Vejamos, por exemplo, o caso de Bolsonaro. Arrisco-me a dizer que, mesmo que ele tivesse mesmo dito: “não quero que meu filho case com uma negra”, sua manifestação seria odiosa, mas não seria prática de racismo segundo a lei. Tentar calar o deputado maluco, portanto, seria sim, violar sua liberdade de expressão. Posso não concordar com o que ele fala, mas ele tem o direito de falar.

Nesse sentido, podemos dizer que a liberdade de expressão no Brasil não é absoluta, mas sem que isso signifique uma discricionariedade para, em cada caso, mitigar esse princípio. Somente quando nos enquadramos em determinadas hipóteses legais podemos responder pela nossa manifestação de pensamento.

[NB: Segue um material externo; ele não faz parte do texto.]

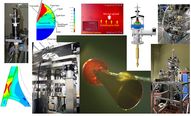 レーザー核融合炉の燃料は、液体または固体状態の水素同位体をプラスチックシェルに入れて供給する必要があります。それをクライオジェニックターゲットと呼んでいます。核融合反応を効率的に起こすためには、シェル内に重水素とトリチウムが均一に入っている必要があります。小型冷凍機を使用して極低温環境(20K付近)を作り、水素同位体燃料の液化や固化実験を行い、均一にするための方法やその均一性の評価手法について研究を行っています。また、固体や液体の状態をシミュレーションにより予測します。
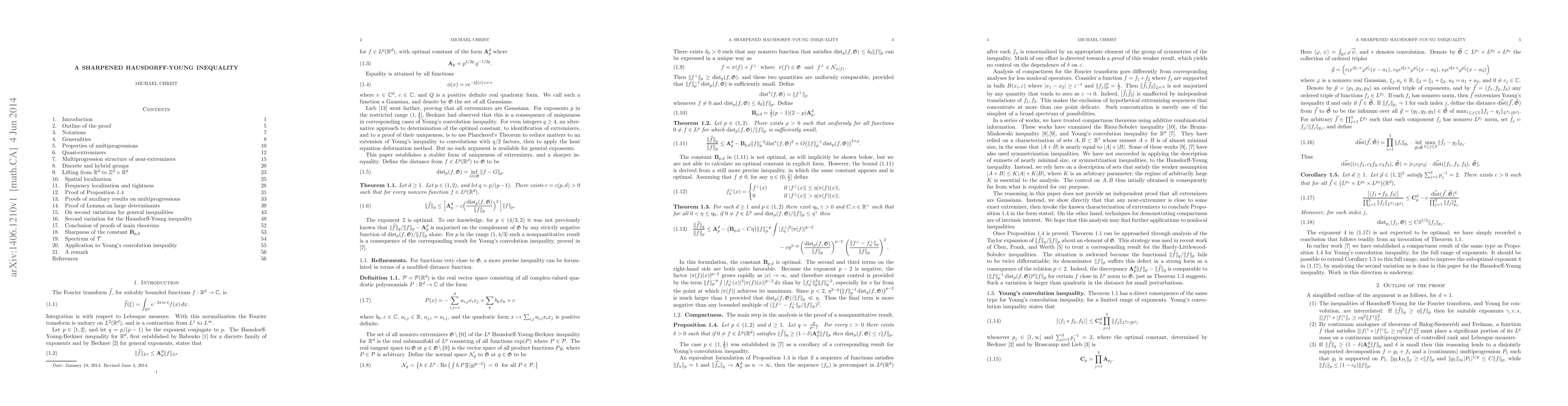 This paper sharpens the Hausdorff-Young inequality by establishing an improved upper bound for functions close to the Gaussians, which are the extremizers. The authors introduce a negative second term proportional to the squared distance from the extremizers, with its own sharp constant, and prove the precompactness of any extremizing sequence using additive combinatorial inverse theorems.
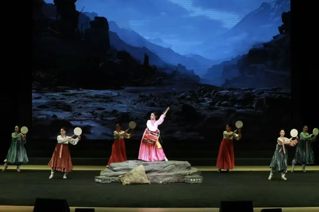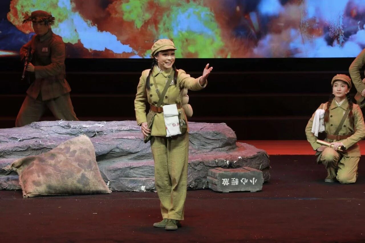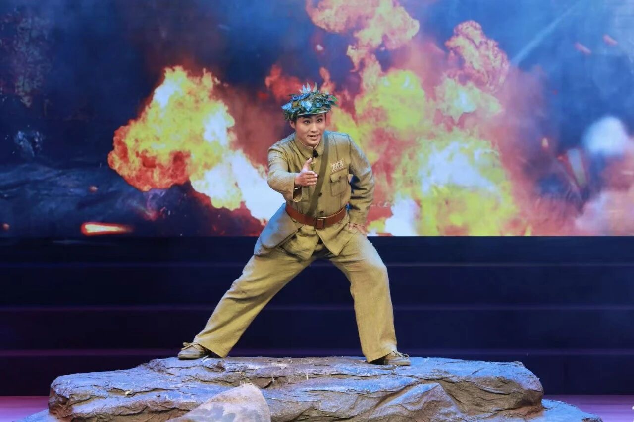 演出当晚,学校大礼堂内气氛热烈。当经典的《英雄赞歌》旋律经过戏曲化改编,以吴侬软语带着铿锵节奏响起时,全场师生被瞬间带回到抗美援朝的峥嵘岁月。当王成“向我开炮”的英雄呐喊声响起时,震撼了全场观众。锡剧作为非物质文化遗产,以其细腻抒情的表演风格、温润婉转的唱腔而著称。在《英雄儿女》宏大的叙事与历史的厚重中,年轻的艺术家们精湛地刻画了人物内心细腻的情感。当“人民战士驱虎豹,舍生忘死保和平”的经典唱词以锡剧韵味唱响舞台时,台下师生眼中泛着泪光,掌声经久不息。
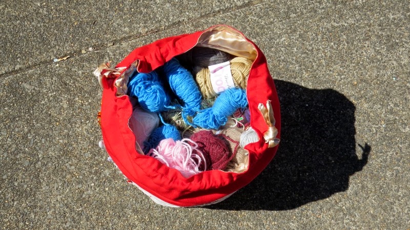 So - leading up to Christmas I visited the charity shops whenever I passed and picked up balls of wool from there of various colours and textures. I also found several crochet hooks of various sizes, so all that I then needed was something to put them all in!
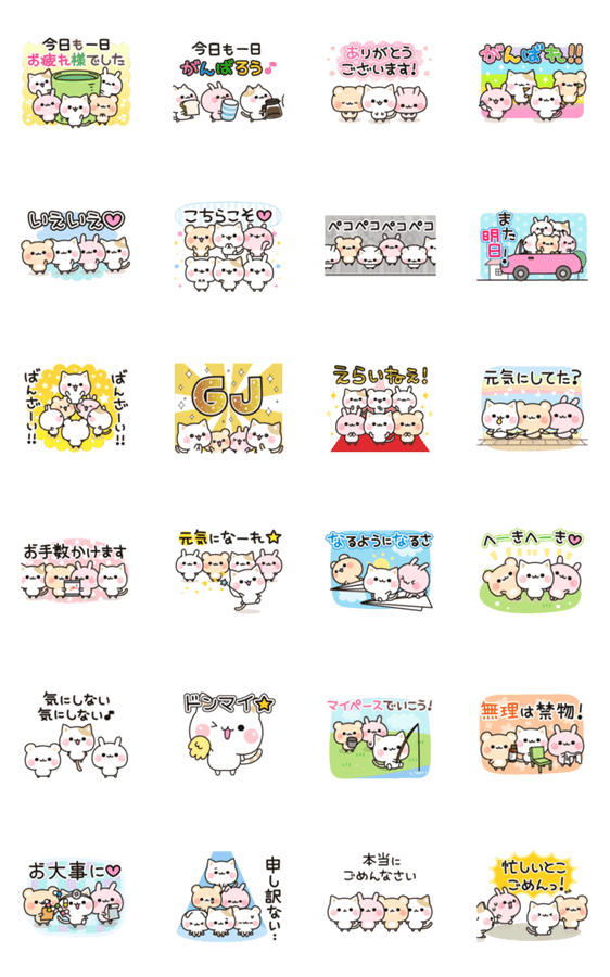 使うだけで簡単に気使い!気づかいのできるネコと友達のうさぎ・くまの、ちまちま可愛く動くやさしいスタンプ♪
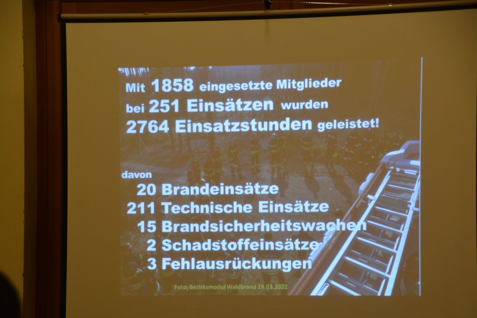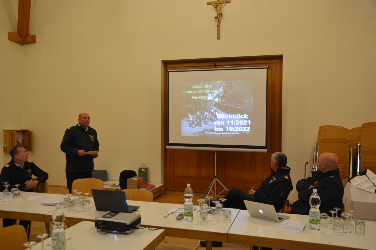 Danach startete die Sitzung mit dem Totengedenken. Dann machte BR Andreas Schwingl einen Jahresrückblick vom Oktober 2021 bis Oktober 2022. Der Abschnitt Ravelsbach besteht aus 26 Feuerwehren und 1061 Mitgliedern (702 Männer, 73 Frauen, 229 Reservisten, 36 Burschen und 21 Mädchen). Diese Feuerwehrkameraden führten seit November 2021 251 Einsätze mit 2764 Einsatzstunden aus. Die Mehrheit dieser Einsätze besteht aus technischen Einsätzen.
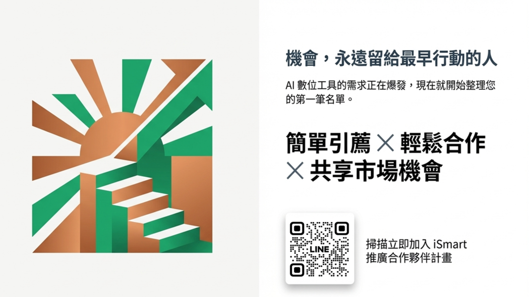 iSmart AI 副收入計畫是一項針對企業數位轉型需求而設計的推廣合作夥伴方案,旨在協助商家利用 AI 技術建立品牌網站與自動化流量。參與者無需具備技術背景或負擔售後服務,僅需透過引薦潛在客戶,將有架站需求的企業對接給專業團隊進行洽談。一旦成交,引薦人即可獲得每案約 NT 7,500 的推廣獎金,成為輕鬆創造額外收入的途徑。該計畫強調在 AI 浪潮下,企業對數位曝光與內容生成的需求急遽成長,是一項低門檻且市場潛力巨大的共享獲利模式。透過簡單的三步驟流程,任何人都能將身邊的商務人脈轉化為實質的經濟收益。
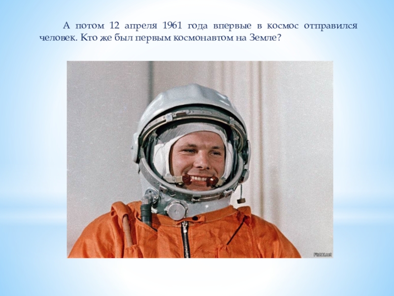 Слайд 20А потом 12 апреля 1961 года впервые в космос отправился человек.
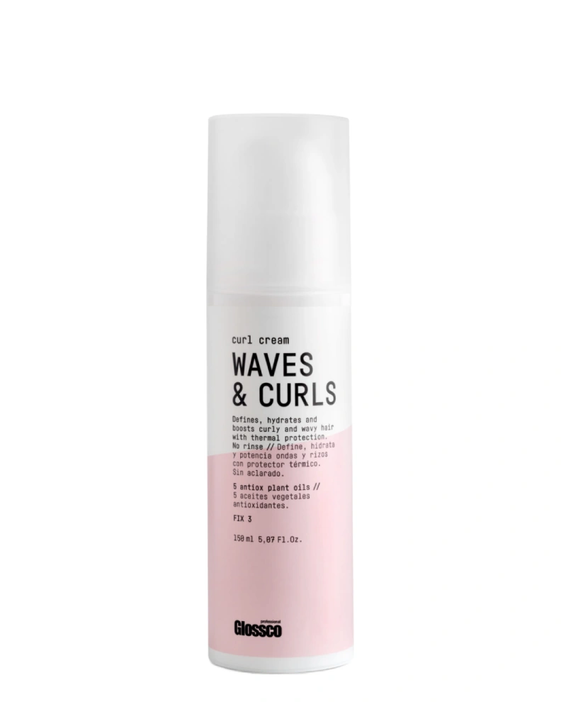 Crema pentru păr Glossco Waves & Curls Curl Cream este un produs cu un grad mediu de fixare, care definește, hidratează și îmbunătățește forma părului creț și ondulat, oferind o fixare flexibilă. Crema asigură o hidratare de lungă durată, nutriție și strălucire, eliminând uscăciunea, fragilitatea și electrizarea și reducând porozitatea.
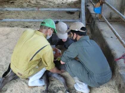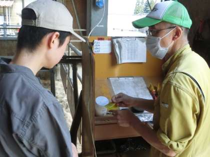 今日は子牛に餌をあげたり、生まれたばかりの子牛に個体識別番号札を取り付ける作業の手伝いをしたりしていました。作業にずいぶんと慣れてきたようです。
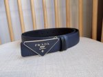 Prada's latest double-sided pebbled belt from their boutique collection. This versatile accessory can be paired with the triangular logo, its universally flattering, minimalist silhouette showcasing a unique and modern style with exquisite craftsmanship. Width: 3.5cm DDD

Porém, o STF vem estreitando cada vez mais essas possibilidades.

Minha opinião

No caso da liberdade de expressão, sou um verdadeiro libertário. Gosto do estilo americano. Nada de limites. Por mim, é melhor evitar leis que limitem a liberdade de expressão. E a própria interpretação dessas leis (se elas existirem) deve seguir uma rígida restrição de alcance. A liberdade de expressão é um bem muito caro e é a base da democracia.

Vejam que o abuso da liberdade de expressão pode simplesmente ser rebatido pela mesma liberdade de expressão do outro. Os que criticam essa ideia, normalmente se referem à desigualdade entre os donos de grandes empresas de comunicação e o cidadão comum. Mas se trata de uma falácia da esquerda para impor seu autoritarismo. Hoje, com a Internet, o argumento antiliberal está ficando obsoleto. O controle da expressão sempre serve ao autoritarismo.

Penso que certas liberdades têm mesmo que ser levadas ao limite, pois formam a própria essência do regime democrático. Assim, pedir a cabeça de Bolsonaro é uma típica manifestação antidemocrática. Não se esqueçam que, na democracia, até um canalha tem voz.

O que John Stuart Mill diria desse povo, hein?